I'm a total novice and have been monkeying with my 728 for just under a year.  On initial setup I used the tilt adjustment to tram the X axis within a half thou over 6".  The Y axis is out by about 2 thou over the same 6", so now I'm trying to figure out what I can do about that.  Goal is to adjust the nod forward (top toward the user).

A common approach I observe elsewhere in the forums is to place shims between the column and the base.  On other bench mills like the PM-25, the 4 bolts attaching the column to the base are accessible from the top and as a result this seems reasonably straightforward.  On the 728VT, these bolts are underneath the base.  I think that means I'd have to lift the entire mill off of the base, try and loosen those bolts, insert some shims, and re-tighten the bolts, all while the mill is hanging from my shop crane.

The manual offers this guidance:



> If more precise tram is called for, it can be adjusted by sandwiching a metal shim between the headstock and its sliding base (saddle) on the column. It is more likely that the headstock is nodding forward rather than leaning backward, so start with (say) a 1 mil (0.001") shim in the bottom quadrant of the machined mating surfaces between headstock and saddle. This is a temporary fix that may not be satisfactory if the headstock is subsequently rotated.

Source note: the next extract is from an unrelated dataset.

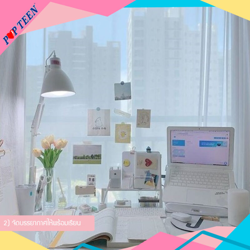 จากนั้นให้สร้างบรรยากาศให้พร้อมเรียน จัดโต๊ะ เก้าอี้ จัดโซนนั่งเรียนแยกจากเตียงนอน โต๊ะเรียนต้องมีไฟสว่าง อากาศถ่ายเท อาจหาเทียนมาจุด หากลิ่นที่ช่วยกระตุ้นให้แอคทีฟ และอย่าลืมหาน้ำมาวางไว้ใกล้ๆ จะได้ไม่ต้องเดินไปหยิบให้เสียสมาธิค่ะ

Based on this, I'm thinking I should do the following:

1. Loosen the two 19mm bolts for the tilt adjustment
2. Insert shim stock at the top of the interface between the headstock and saddle (red arrow in image below)
3. Tighten tilt bolts
4. Check Y tram and repeat 1-4 as needed

Questions:

1. Does the approach above seem about right? I'm pretty sure this is what the manual is suggesting, but the manual also suggests that this isn't a great idea which doesn't fill me full of confidence.  Is there some other approach that might be better?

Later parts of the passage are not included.